Although the involvement and plasticity of the mesocorticolimbic dopamine (DA) system in cocaine-induced addiction have been studied extensively, the role of the brainstem cholinergic system in cocaine addiction remains largely unexplored. The laterodorsal tegmental nucleus (LDT) contains cholinergic neurons that innervate the ventral tegmental area (VTA) and is crucial for regulating the activity of VTA DA neurons, implying that LDT may also be associated with cocaine addiction. In this review, we summarize our recent findings showing that cholinergic transmission from the LDT to the VTA is involved in acquisition and expression of cocaine-induced conditioned place preference and that, after repeated cocaine exposures, these neurons exhibit synaptic plasticity, which is dependent on NMDA receptor activation, nitric oxide production, and the activity of medial prefrontal cortex.

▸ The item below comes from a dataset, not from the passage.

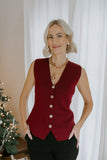 Sleeveless Knit Vest With Gold Buttons - Merlot

The findings strongly suggest that LDT cholinergic neurons may critically contribute to developing cocaine-induced addiction.

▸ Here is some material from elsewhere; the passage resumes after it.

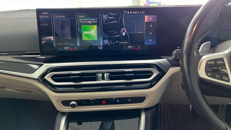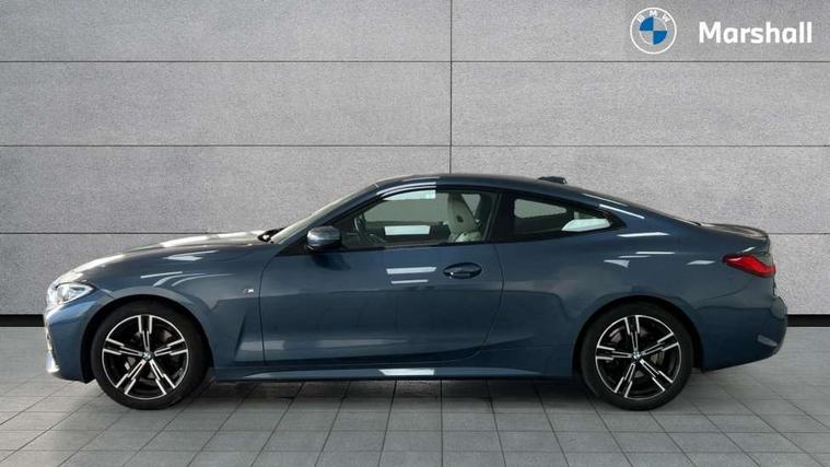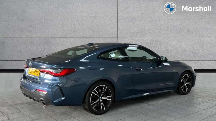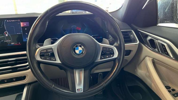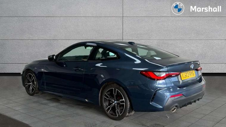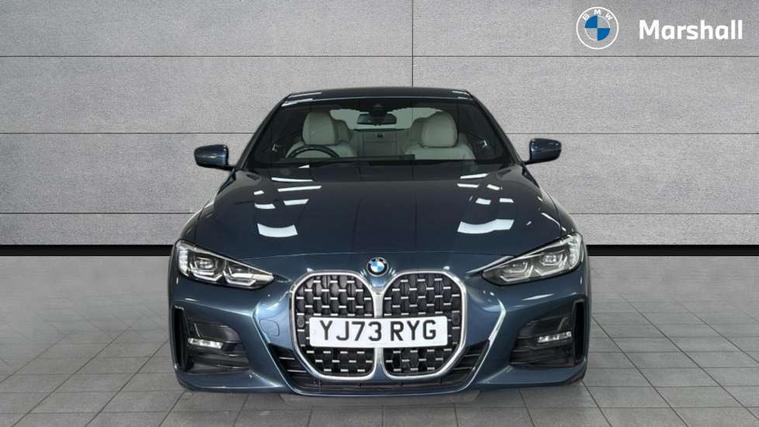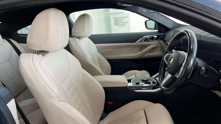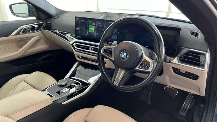 Active guard plus, Attentiveness assist, Auto start-stop, Bluetooth hands free facility with USB audio interface with audio streaming, BMW ConnectedDrive online services, BMW iDrive controller on centre console, BMW Live Cockpit Plus Nav-12.3" instrument&14.9" control Widescreen curved display/Intelligent Voice Assist/iDrive touch/Access 3rd party app/4G LTE, BMW service history, BMW Teleservices, Brake pad wear indicator in front and rear, Check Control warning system for monitoring of lights and door/luggage compartment open warning, Condition based service, Cruise control with speed limit function, Electric power steering with Servotronic steering optimised at all speed ranges, Gearshift time display in manual mode, Instrument cluster with speedometer with mph readout, tachometer, fuel gauge and oil temperature gauge, Integrated owners handbook, Oil sensor for level and grade, warning by check control system, On board computer - average speed, fuel consumption, outside temp display with acoustic warning, clock/date, service interval, odometer/trip meter, Optimum shift indicator, Run flat indicator, Shifting point display, Variable sport steering, 8 speed automatic steptronic transmission with gearshift paddles, Balanced 50/50 weight distribution, Double joint spring strut front axle, Double VANOS, Drive performance control - ECO PRO, comfort and sport modes, Electronic differential lock control (EDLC), High precision injection, Low centre of gravity, M sport suspension, Petrol Particulate Filter, Stroke dependent dampers, VALVETRONIC engine management, 2x USB Type C ports in front centre console for charging and data transfer, 2x USB Type C ports in rear centre console for charging, DAB tuner, Electronic service booklet, Acoustic glazing, Automatic headlight beam throw control with load dependent regulating reaction, dynamic compensation of braking dive and acceleration squat, Automatic windscreen wipers and automatic headlight, Automatically dimming electrochromatic rear view mirror, BMW emblem on engine compartment lid and tailgate, BMW kidney grille with mesh grille front side of the nuggets in matt aluminium and frame in chrome high gloss, Body colour fuel filler flap, Body colour roof fin, Brushed aluminium inserts in the front door sill finishers with BMW designation, Door sill strips, Dynamic brake lights, Electric windows - front and rear, with open/close fingertip control, anti trap facility and comfort closing function all round, Exterior mirrors - electrically folding with anti-dazzle, Fading support, Follow me home headlights, Front and rear bumper system, Front apron plastic in body colour, Green tinted heat protection glazing, High gloss shadow line exterior trim, Illuminated bow type door handles in body colour drivers side with door lock, Interior rear view electrochromatic mirror with automatic anti dazzle function, LED daytime running lights, LED front fog lights, LED front indicators, Licence plate panel integrated into front bumper and tailgate, Lightweight engineering, M designation on front side panels, left and right, M rear boot spoiler, Model designation on right side of tailgate, One piece front bumper cover including towing eye cover in body colour, Preparation for high beam assistant, Rear boot, Reversing light, Side frame decorative moulding black matt, Two part LED tailights in L-shape with components in smoked glass, brake light, LED turn indicator and rear fog light, Visible exhaust tailpipe finisher, Visible VIN plate, Welcome lights in interior and door handle area, Widened track and increased camber values for max transverse dynamics, agility and steering precision, Window recess cover black high gloss, Windscreen wipers with integrated heated washing jets, 12V power socket in front centre console, 2 front cupholder in centre console with clamping elements and matt black inlay, 2 Rear seat headrests, 2 seat bench in second row, 3 spoke M sport leather multifunction steering wheel, 3 zone automatic air conditioning, 4 pieces lashing eyelets in luggage compartment, 40:20:40 split folding rear seat and rear centre armrest with two cupholders, Anthracite headlining, Armrest integrated in front and rear door trim + front centre console armrest, BMW ID, Driver seat backrest width adjustment, Extended storage - Luggage compartment partition net on left side trim panel, Bag hook on both sides of the luggage compartment, Four grab handles integrated in roof lining, Front and rear door pockets, Front and rear reading lights, Front sport seats, Heated driver and front passenger seats, Height adjustable front headrests, Height adjustable mechanically and infinitely variable steering column, Illuminated armrest storage compartment, Illuminated glove compartment with separate small compartment, Make-up mirror lights, Single front passenger seat, Storage compartment in rear centre console, Sunvisors with illuminated vanity mirrors and ticket pocket, Toolkit located in luggage compartment, Velour front floor mats, Vernasca leather upholstery, Ambient lighting pack - 4 Series, Connected professional package - 4 Series, M sport exterior styling pack - 4 Series, 2 x 3-point rear seatbelts, Battery safety cut-off, BMW emergency call, Brake energy regeneration, Braking pre-tensioning, Child seat ISOFIX attachment for the two outer rear seats, Coasting in idle in ECO PRO mode, Cornering brake control (CBC), Crash sensor activating of airbags, Unlocking doors, hazard warning lights, interior light, safety battery terminal, Driver and front passenger side airbags, integrated in the door side seat backrest bolsters for all seat variants, Driver/Front Passenger airbags, Dry braking, Dynamic brake control, Dynamic stability control + (DSC+) - Anti-lock Braking System (ABS) with brake assist and cornering brake control + Automatic Stability Control (ASC), Dynamic Traction Control - DTC, Electric parking brake including automatic hold function and automatic release of the parkin

Critical role of cholinergic transmission from the laterodorsal tegmental nucleus to the ventral tegmental area in cocaine-induced place preference.

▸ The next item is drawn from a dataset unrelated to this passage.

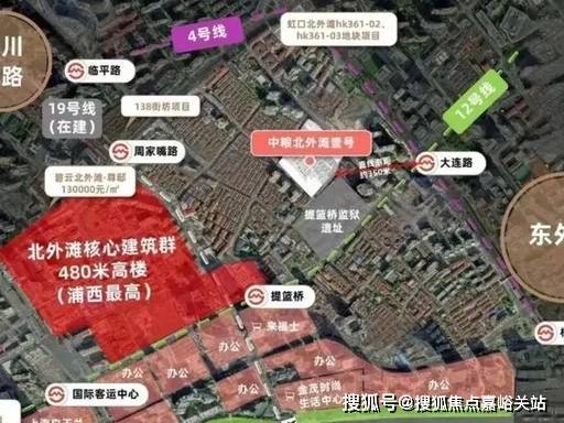 交通枢纽 :步行约 700 米可达地铁 4/12 号线大连路站,3 公里内覆盖北外滩 CBD、陆家嘴、外滩等核心商圈;紧邻大连路隧道、新建路隧道,快速通达浦东浦西,内环、中环高架环绕,全城高效畅行。

Conditioned place preference (CPP) is widely used to investigate the rewarding properties of cocaine. Various brain regions and neurotransmitters are involved in developing cocaine CPP. However, the contribution of cholinergic transmission in the ventral tegmental area (VTA) to cocaine CPP remains largely unexplored. Here, we examined the role of cholinergic input arising from the laterodorsal tegmental nucleus (LDT) to the VTA in the acquisition and expression of cocaine CPP in rats. Intra-LDT injection of carbachol, which hyperpolarizes LDT neurons, and of NMDA and AMPA receptor antagonists before cocaine conditioning blocked and attenuated cocaine CPP, respectively, indicating the necessity of LDT activity for acquiring the CPP. Additionally, intra-VTA injection of scopolamine or mecamylamine before cocaine conditioning also attenuated cocaine CPP, demonstrating the contribution of cholinergic transmission via muscarinic and nicotinic acetylcholine receptors in CPP acquisition. Furthermore, intra-VTA injection of scopolamine or mecamylamine immediately before the test attenuated cocaine CPP, indicating that cholinergic signaling is also associated with the expression of CPP. These results suggest that cholinergic transmission from the LDT to the VTA is critically involved in both acquiring and retrieving cocaine-associated memories in cocaine CPP.

Cocaine exposure enhances excitatory synaptic drive to cholinergic neurons in the laterodorsal tegmental nucleus.

Accumulating evidence indicates that the laterodorsal tegmental nucleus (LDT) is associated with reward processing and addiction. The cholinergic projection from the LDT to the ventral tegmental area is essential for a large dopamine release in the nucleus accumbens, which is critically involved in the reinforcing effects of addictive drugs, including cocaine. In contrast to the large number of studies on plasticity induced after cocaine exposure in the mesocorticolimbic dopaminergic system, it remains unknown whether LDT cholinergic neurons exhibit plastic changes following cocaine administration. To address this issue, we performed ex vivo whole-cell recordings in LDT cholinergic neurons obtained from rats following cocaine administration. Neurons obtained from 1 day after 5-day cocaine-treated rats showed significantly smaller paired-pulse ratios of evoked EPSCs and higher miniature EPSC frequencies than those from saline-treated rats, indicating an induction of presynaptic plasticity of increased glutamate release. This plasticity seemed to recover after a 5-day withdrawal from repeated cocaine exposure, and required NMDA receptor stimulation and nitric oxide production. Additionally, pharmacological suppression of activity of the medial prefrontal cortex inhibited the presynaptic plasticity in the LDT. On the other hand, AMPA/NMDA ratios were not different between saline- and cocaine-treated groups, revealing an absence of postsynaptic plasticity. These findings provide the first direct evidence of cocaine-induced synaptic plasticity in LDT cholinergic neurons and suggest that the presynaptic plasticity enhances the activity of LDT cholinergic neurons, contributing to the expression of cocaine-induced addictive behaviors through the dysregulation of the mesocorticolimbic system.